Penggunaan istilah Rekayasa pada sejumlah program studi merupakan padanan resmi dari istilah Engineering dalam bahasa Indonesia, sebagaimana tercantum dalam Kamus Besar Bahasa Indonesia (KBBI).
Dalam KBBI, rekayasa dimaknai sebagai penerapan kaidah ilmu dalam perancangan, pembangunan, dan pengoperasian sistem, teknologi, maupun konstruksi secara efektif dan efisien.
Karena itu, penggunaan istilah Rekayasa bukan merupakan istilah baru, melainkan bagian dari pengembangan dan pembakuan terminologi keilmuan dalam bahasa Indonesia.
Namun demikian, perlu ditegaskan bahwa penggunaan istilah Rekayasa tidak dimaksudkan untuk menggantikan istilah Teknik yang selama ini telah digunakan secara luas dan memiliki sejarah, reputasi, serta pengakuan yang kuat dalam pendidikan tinggi Indonesia.

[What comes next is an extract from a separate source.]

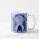 Light blue ribbon with wings and a filigree pattern. The light blue ribbon stands for DiGeorge Sequence Awareness, Hyperaldosteronism Awareness, Klinefelter's Syndrome Awareness, Men's Health Awareness, Pro Choice Awareness, Shprintzen Syndrome Awareness, Trisomy 18 Awareness. It also stands for the following: January is Graves Disease Awareness Month. March is Lymphedema Awareness and Spay or Neuter Pets Awareness Month. April is Cushing Syndrome Awareness Month. May is Addison's Disease Awareness and Behcets Disease Awareness Month. June is Scleroderma Awareness Month. August is Velo-Cardio Facial Syndrome Awareness Month. September is Chronic Illness Awareness, Prostate Cancer Awareness Month.
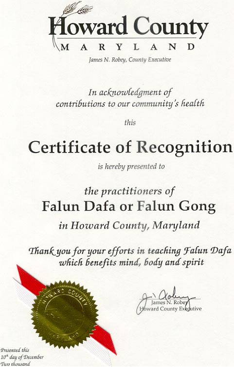 马里兰州哈伍德郡郡长授予法轮大法荣誉证书

Program studi seperti Teknik Sipil, Teknik Mesin, Teknik Elektro, Teknik Industri, dan nomenklatur teknik lainnya tetap menjadi bagian penting dan sepenuhnya diakui dalam rumpun keilmuan Engineering.
Tidak perlu dilakukan perubahan terhadap nama nama Program studi Teknik yang saat ini telah ada. Tidak terdapat kebijakan yang mewajibkan perguruan tinggi mengubah nomenklatur “Teknik” menjadi “Rekayasa”.
Kebijakan nomenklatur program studi saat ini memberikan ruang bagi perguruan tinggi untuk memilih nomenklatur yang paling sesuai dengan karakter keilmuan, pendekatan kurikulum, perkembangan disiplin ilmu, maupun kebutuhan pengembangan akademik masing-masing.